Congo (DRC) is a huge country almost the size of Western Europe. The history of DR Congo since it gained independence has been one of civil war and corruption. Congo is a vast country with immense economic resources, but remains a poorly governed country. There has hardly been a period in the last 50 years when there has not been fighting of one sort or another. This has left it in the grip of a humanitarian crisis. The ensuing anarchy has allowed warring factions to plunder its vast mineral resources. Despite the peace agreement of 2013, the area we visit in the east is still volatile. People remain in terror of marauding militias and the army. Memorials such as the one shown above can be seen along the road south from Bukavu to Baraka and are witness to some past atrocities (this one in June 2000) but many go unrecorded. As a result, western missionaries have left this part of the country. Some of the more recent trouble is linked to former Rwandans who fled there after the genocide, but these are not the only groups who engage in fighting leaving many villagers frightened.

A police vehicle in Bukavu. Every picture tells a story!

A police vehicle in Bukavu. Every picture tells a story!

Many flee to large cities like Bukavu on Lake Kivu close to the border with Rwanda.
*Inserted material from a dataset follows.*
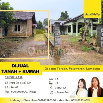 Rumah terletak di kecamatan Gedong Tataan,Pesawaran,Lampung Selatan.Lokasi sangat strategis hanya 200 meter dari Jalan Raya Ahmad Yani.Sangat dekat dengan Museum Nasional Transmigrasi Lampung.Cocok untuk usaha. Luas tanah 952m2,luas bangunan 96m2 kamar tidur 4,kamar mandi 2 listrik 900va,air sumur sanyo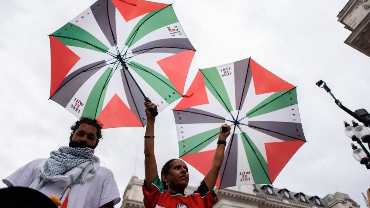“Özgür Filistin”, “Nehirden denize Filistin özgür olacak” sloganları atan göstericiler, “Derhal Ateşkes”, “Filistin’e Özgürlük” İngiltere’nin İsrail’e silah ihracatını derhal durdurması çağrısı yaptı.

UN peacekeeping forces are active throughout the region.

At present Bukavu is the only entry point into Congo considered safe by our government. We have made many friends among the Christian folk there and each time we come to Cyangugu, they will come over by motorcycle taxi to see us. The strength of Christian commitment is remarkable considering the circumstances. Indigenous church communities thrive and grow. Many Congolese, mainly women, come across the border daily into Rwanda, 12 miles there and 12 miles back, to buy goods that they bring back to sell.